Since Idaho’s abortion law took effect, nearly one in four OB-GYNs have left the state or retired, according to a report from the Idaho Physician Well-Being Action Collaborative. The report finds the loss of doctors who specialize in high-risk pregnancies is even more extreme – five of nine full time maternal-fetal medicine specialists have left Idaho.

Administrators say they aren’t able to recruit new providers to fill those positions. “Since [the abortion law’s] enactment, St. Luke’s has had markedly fewer applicants for open physician positions, particularly in obstetrics. And several out-of-state candidates have withdrawn their applications upon learning of the challenges of practicing in Idaho, citing [the law’s] enactment and fear of criminal penalties,” reads an amicus brief from St. Luke’s health system in support of the federal government.

“Prior to the abortion decision, we already ranked 50th in number of physicians per capita – we were already a strained state,” says Thomson, the doctor in Boise. She’s experienced the loss of OB-GYN colleagues first hand. “I had a partner retire right as the laws were changing and her position has remained open – unfilled now for almost two years – so my own personal group has been short-staffed,” she says.

ADF’s Bangert says he’s skeptical of the assertion that the abortion law is responsible for this exodus of doctors from Idaho. “I would be very surprised if Idaho’s abortion law is the sole or singular cause of any physician shortage,” he says. “I’m very suspicious of any claims of causality.”

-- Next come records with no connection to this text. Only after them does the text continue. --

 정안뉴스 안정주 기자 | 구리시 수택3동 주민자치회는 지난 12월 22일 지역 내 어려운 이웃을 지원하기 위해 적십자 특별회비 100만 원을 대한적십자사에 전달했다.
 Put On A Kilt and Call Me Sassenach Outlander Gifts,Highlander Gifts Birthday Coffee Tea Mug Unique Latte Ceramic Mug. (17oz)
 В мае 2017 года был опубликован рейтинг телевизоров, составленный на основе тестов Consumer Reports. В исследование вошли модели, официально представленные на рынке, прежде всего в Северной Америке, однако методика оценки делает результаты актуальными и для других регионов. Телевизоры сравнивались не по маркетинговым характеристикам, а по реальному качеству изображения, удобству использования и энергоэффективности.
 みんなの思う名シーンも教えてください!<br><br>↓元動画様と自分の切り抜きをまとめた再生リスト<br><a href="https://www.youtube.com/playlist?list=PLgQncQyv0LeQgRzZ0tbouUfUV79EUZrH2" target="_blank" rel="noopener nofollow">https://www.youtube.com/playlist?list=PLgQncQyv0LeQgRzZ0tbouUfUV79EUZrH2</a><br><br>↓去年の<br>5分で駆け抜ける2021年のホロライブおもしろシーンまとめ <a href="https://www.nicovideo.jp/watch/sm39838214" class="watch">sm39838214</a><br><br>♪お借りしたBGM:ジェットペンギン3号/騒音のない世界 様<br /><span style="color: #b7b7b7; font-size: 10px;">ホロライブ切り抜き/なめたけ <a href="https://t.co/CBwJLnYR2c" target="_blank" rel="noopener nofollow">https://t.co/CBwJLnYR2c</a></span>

3. Justices could weigh in on fetal “personhood”

The state of Idaho’s brief argues that EMTALA actually requires hospitals “to protect and care for an ‘unborn child,'” an argument echoed in friend-of-the-court briefs from the U.S. Conference of Catholic Bishops and a group of states from Indiana to Wyoming that also have restrictive abortion laws. They argue that abortion can’t be seen as a stabilizing treatment if one patient dies as a result.

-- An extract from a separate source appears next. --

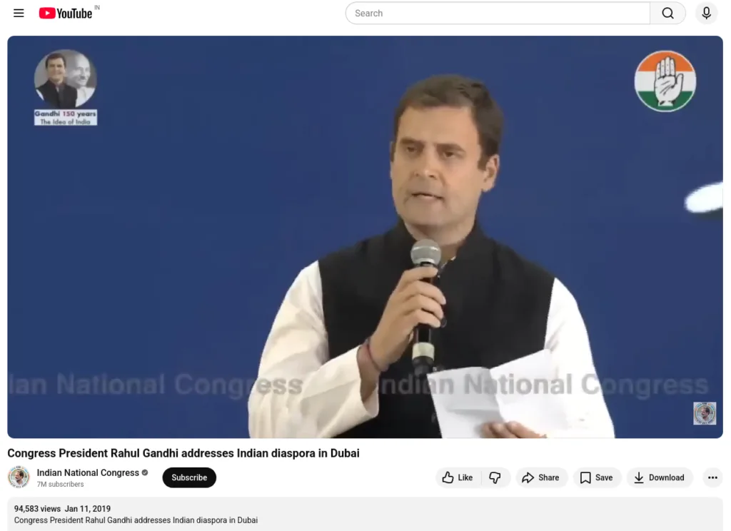 We conducted a reverse image search using a keyframe from the viral video. The search led us to a YouTube video dated January 11, 2019, titled “Congress President Rahul Gandhi addresses Indian diaspora in Dubai.” The video was published on the official YouTube channel of the Indian National Congress.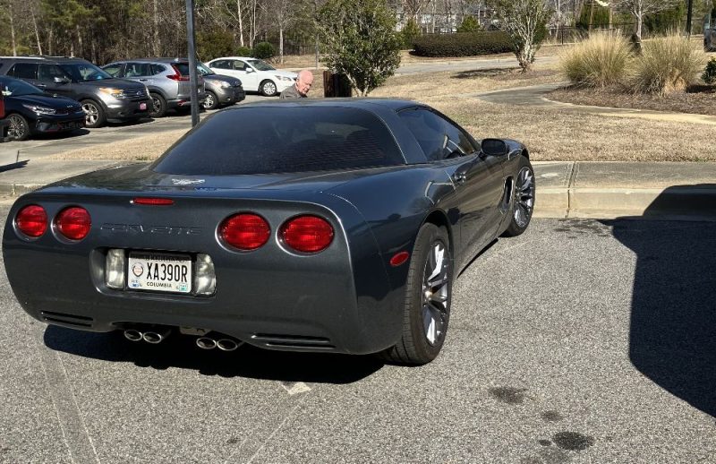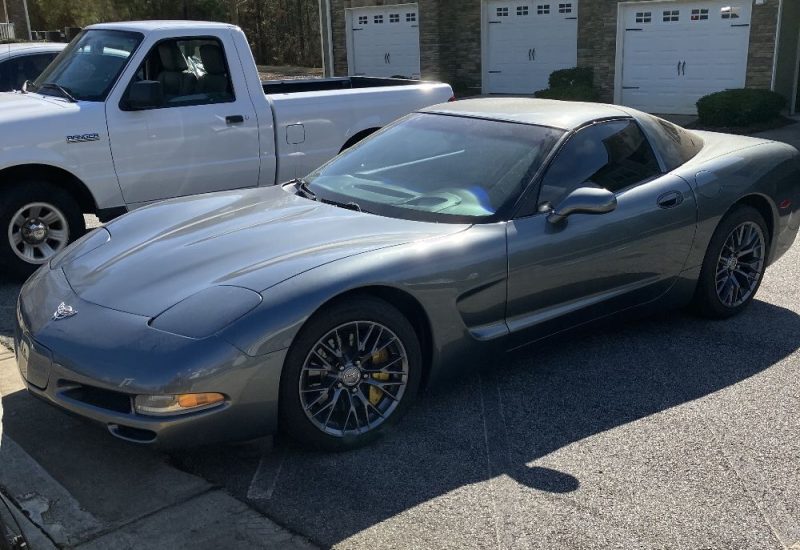 Gray 2003 Corvette for sale has new tires. Runs great and has been kept in the garage. Front window is cracked but otherwise is in great shape.

Thomson is also Catholic, and she says the idea that, in an emergency, she is treating two patients – the fetus and the mother – doesn’t account for clinical reality. “Of course, as obstetricians we have a passion for caring for both the mother and the baby, but there are clinical situations where the mom’s health or life is in jeopardy, and no matter what we do, the baby is going to be lost,” she says.

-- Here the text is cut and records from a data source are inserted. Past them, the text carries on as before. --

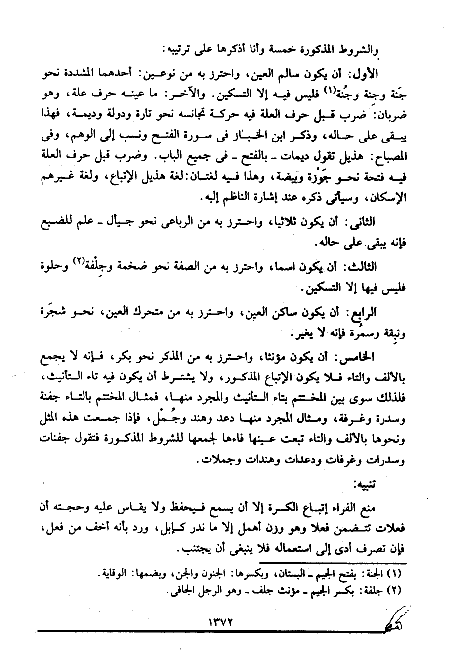 الخامس: أن يكون مؤنثا، واحترز به من المذكر نحو بكر، فإنه لا يجمع بالألف والتاء فلا يكون الإتباع المذكور، ولا يشترط أن يكون فيه تاء التأنيث، فلذلك سوى بين المختتم بتاء التأنيث والمجرد منها، فمثال المختتم بالتاء جفنة وسدرة وغرفة، ومثال المجرد منها دعد وهند وجُمْل، فإذا جمعت هذه المثل ونحوها بالألف والتاء تبعت عينها فاءها لجمعها للشروط المذكورة فتقول: جفنات وسدرات وغرفات ودعدات وهندات وجملات.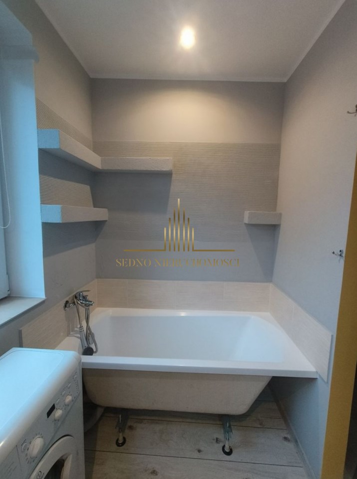 Nowe instalacje elektryczne. Okna szczelne z PCV. W łazience położone kafle ceramiczne na podłogach. Podłogi pokoju i kuchni wyłożone panelami. Ściany - gładź gipsowa. W kuchni niezbędne AGD (płyta gazowa, lodówko-zamrażarka).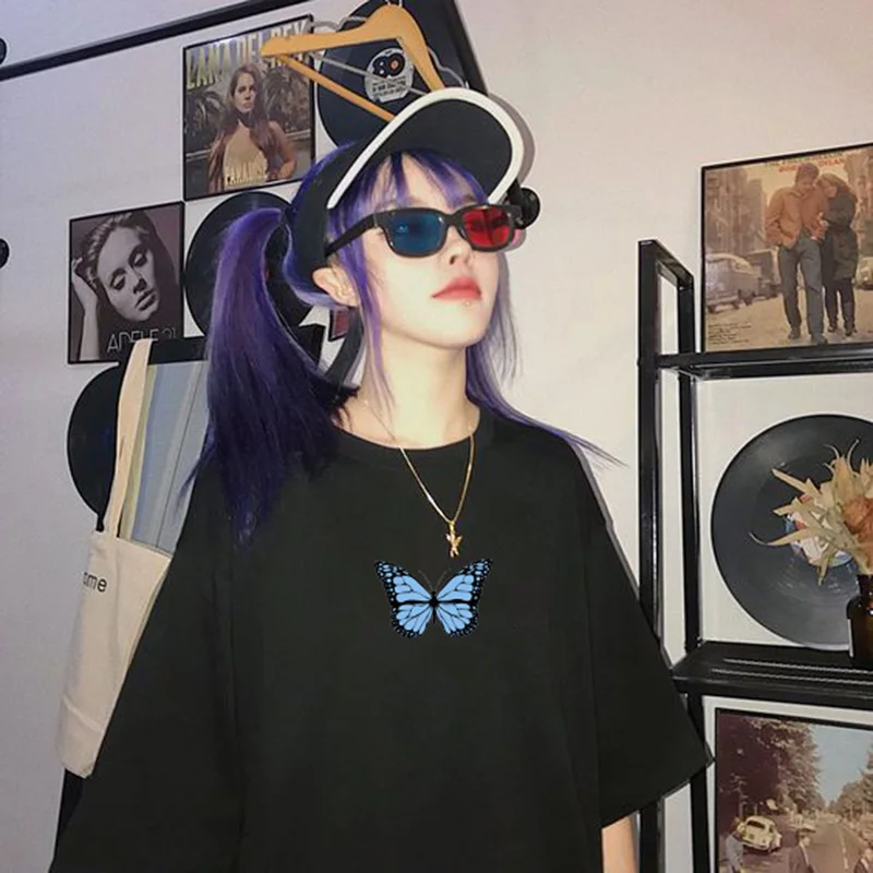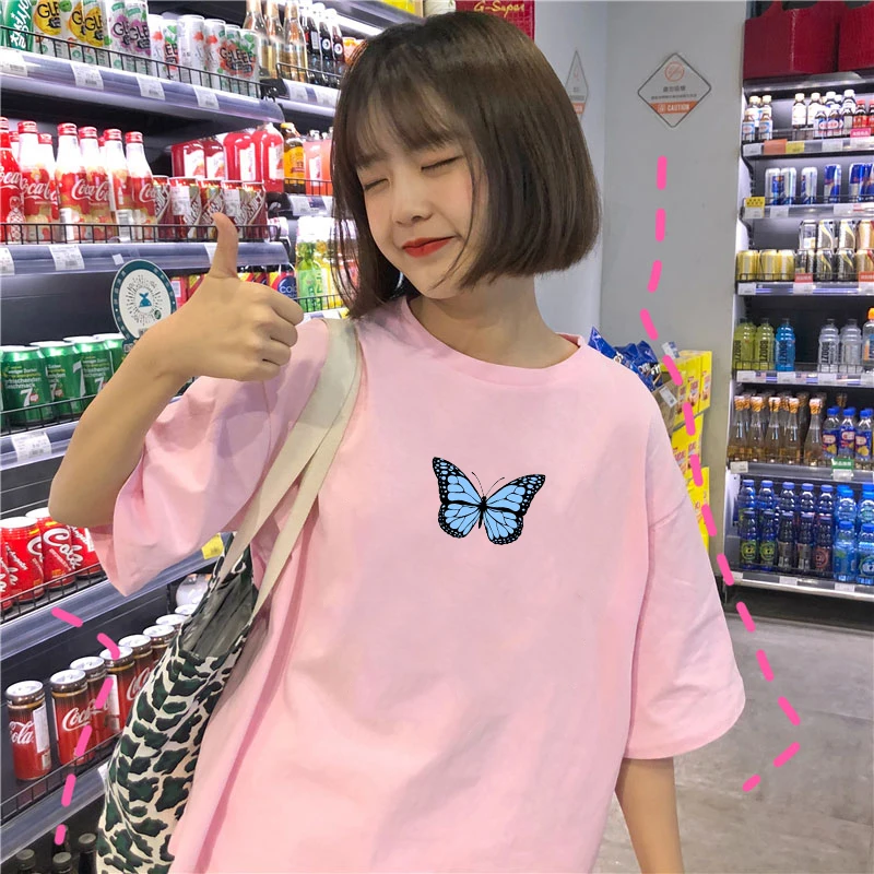 Свободные футболки большого размера Ulzzang Harajuka с принтом бабочки, повседневные летние винтажные топы, Женская забавная Милая футболка с коротким рукавом и круглым вырезом

The Idaho abortion law uses the term “unborn child” as opposed to the words “embryo” or “fetus” – language that implies the fetus has the same rights as other people.

Mary Ziegler, a legal historian at University of California – Davis, who is writing a book on fetal personhood, describes it as the “North Star” of the anti-abortion rights movement. She says this case will be the first time the Supreme Court justices will be considering a statute that uses that language.

“I think we may get clues about the future of bigger conflicts about fetal personhood,” she explains, depending on how the justices respond to this idea. “Not just in the context of this statute or emergency medical scenarios, but in the context of the Constitution.”

ADF dismisses the idea that this case is an attempt to expand fetal rights. “This case is, at root, a question about whether or not the federal government can affect a hostile takeover of the practice of medicine in all 50 states by misinterpreting a long-standing federal statute to contain a hidden nationwide abortion mandate,” Bangert says.

4. The election looms large

Ziegler suspects the justices will allow Idaho’s abortion law to remain as is. “The Supreme Court has let Idaho’s law go into effect, which suggests that the court is not convinced by the Biden administration’s arguments, at least at this point,” she notes.

Whatever the decision, it will put abortion squarely back in the national spotlight a few months before the November election. “It’s a reminder on the political side of things, that Biden and Trump don’t really control the terms of the debate on this very important issue,” Zielger observes. “They’re going to be things put on everybody’s radar by other actors, including the Supreme Court.”

The justices will hear arguments in the case for one hour on Wednesday morning. A decision is expected by late June or early July.